[Start of Attachment]

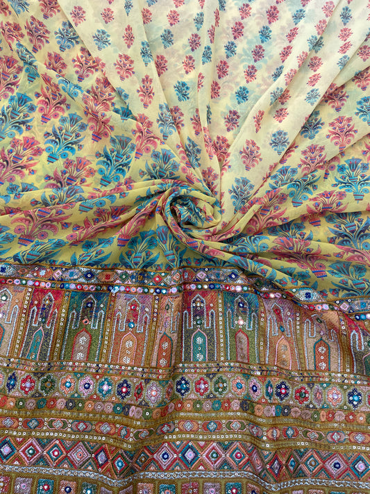 Superb Vibrant Multi Ethnic Print With Multi Color Thread Embroidery And Sequin And Faux Work On Georgette Fabric
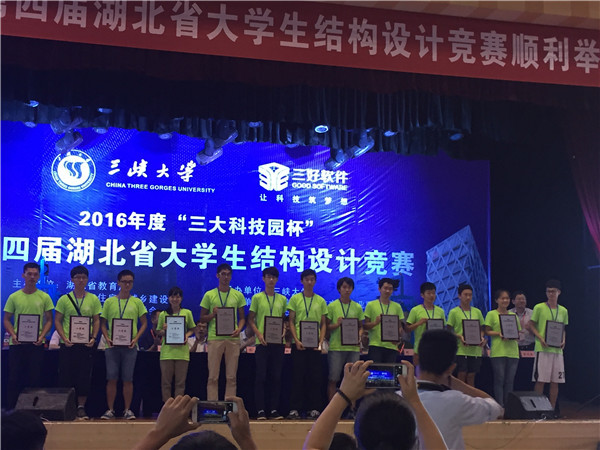 7月14日至7月18日,“三峡杯”第四届湖北省大学生结构设计竞赛在三峡大学举行。来自武汉大学、华中科技大学、武汉理工大学、湖北工业大学在内的23所高校、66支队伍参加了比赛。我校土木建筑工程学院派出三支队伍参加,经过激烈角逐,最终取得了二等奖两项、三等奖一项的好成绩。
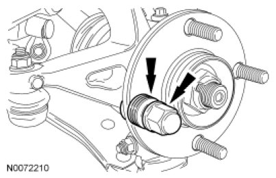 3. Remove the wheel nut and the washers. Discard the wheel nut.

[End of Attachment]

# WHAT YOU NEED TO DO:
Please give back the data above word for word, with no pictures included.

# TASK ANSWER:
 Superb Vibrant Multi Ethnic Print With Multi Color Thread Embroidery And Sequin And Faux Work On Georgette Fabric
 7月14日至7月18日,“三峡杯”第四届湖北省大学生结构设计竞赛在三峡大学举行。来自武汉大学、华中科技大学、武汉理工大学、湖北工业大学在内的23所高校、66支队伍参加了比赛。我校土木建筑工程学院派出三支队伍参加,经过激烈角逐,最终取得了二等奖两项、三等奖一项的好成绩。
 3. Remove the wheel nut and the washers. Discard the wheel nut.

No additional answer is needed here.